__Data shown__
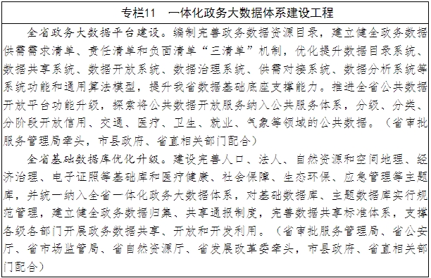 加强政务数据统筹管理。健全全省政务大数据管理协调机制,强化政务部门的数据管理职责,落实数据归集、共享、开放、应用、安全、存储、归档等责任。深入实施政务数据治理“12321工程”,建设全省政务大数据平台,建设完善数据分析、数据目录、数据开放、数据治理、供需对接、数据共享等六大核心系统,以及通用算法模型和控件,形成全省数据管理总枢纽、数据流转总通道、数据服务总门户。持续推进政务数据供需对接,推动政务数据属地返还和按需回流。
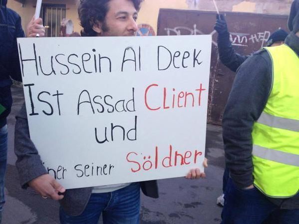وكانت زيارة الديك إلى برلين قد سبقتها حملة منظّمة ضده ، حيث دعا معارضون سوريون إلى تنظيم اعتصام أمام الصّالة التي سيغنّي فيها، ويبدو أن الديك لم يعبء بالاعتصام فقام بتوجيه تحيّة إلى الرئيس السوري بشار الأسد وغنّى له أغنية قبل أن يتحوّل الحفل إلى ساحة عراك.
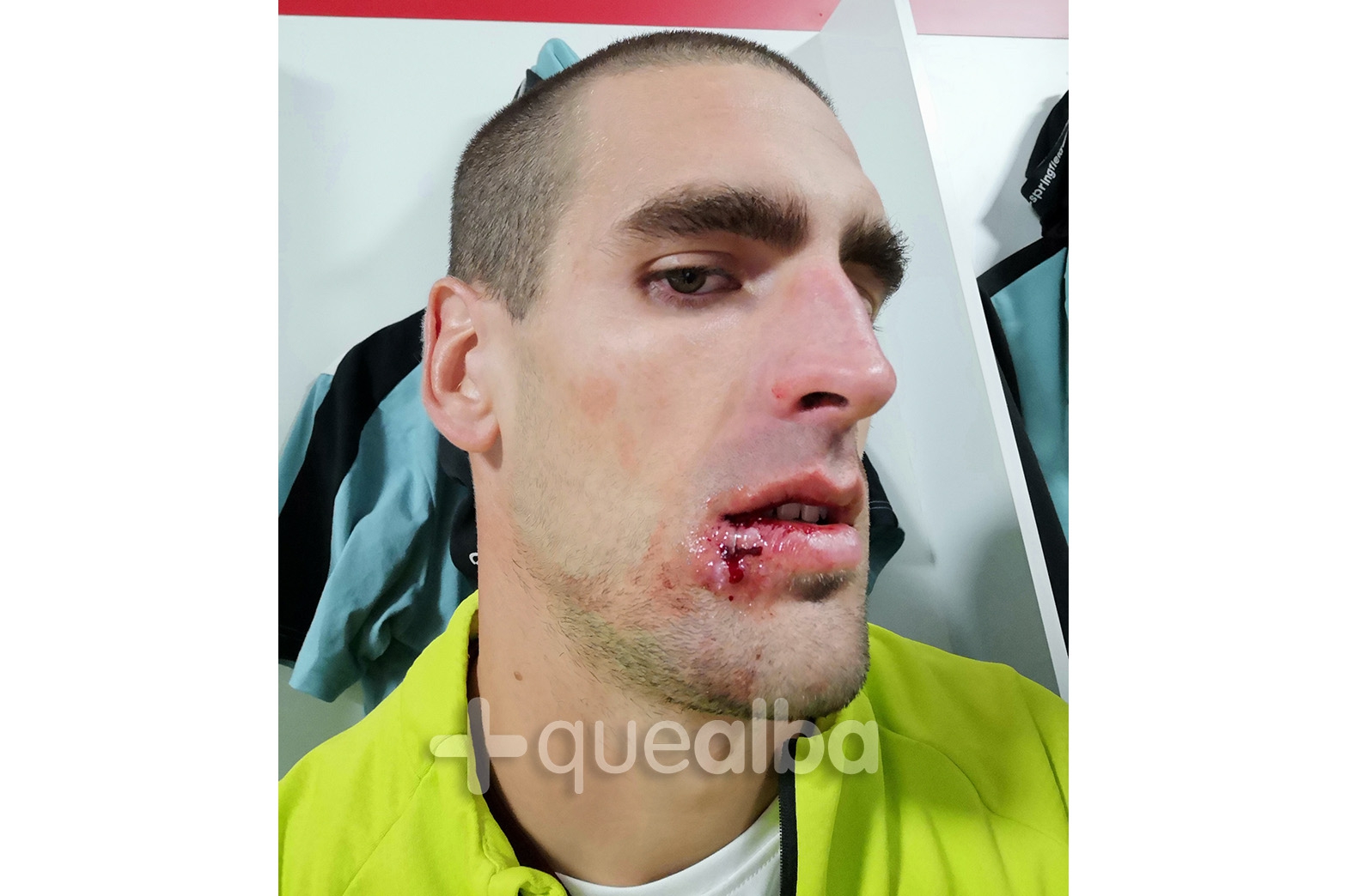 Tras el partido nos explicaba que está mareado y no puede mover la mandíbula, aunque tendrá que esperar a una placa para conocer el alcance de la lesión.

__Instructions to follow__
Without including any picture, output all the material exactly as it appears.

__Reply__
 加强政务数据统筹管理。健全全省政务大数据管理协调机制,强化政务部门的数据管理职责,落实数据归集、共享、开放、应用、安全、存储、归档等责任。深入实施政务数据治理“12321工程”,建设全省政务大数据平台,建设完善数据分析、数据目录、数据开放、数据治理、供需对接、数据共享等六大核心系统,以及通用算法模型和控件,形成全省数据管理总枢纽、数据流转总通道、数据服务总门户。持续推进政务数据供需对接,推动政务数据属地返还和按需回流。
وكانت زيارة الديك إلى برلين قد سبقتها حملة منظّمة ضده ، حيث دعا معارضون سوريون إلى تنظيم اعتصام أمام الصّالة التي سيغنّي فيها، ويبدو أن الديك لم يعبء بالاعتصام فقام بتوجيه تحيّة إلى الرئيس السوري بشار الأسد وغنّى له أغنية قبل أن يتحوّل الحفل إلى ساحة عراك.
 Tras el partido nos explicaba que está mareado y no puede mover la mandíbula, aunque tendrá que esperar a una placa para conocer el alcance de la lesión.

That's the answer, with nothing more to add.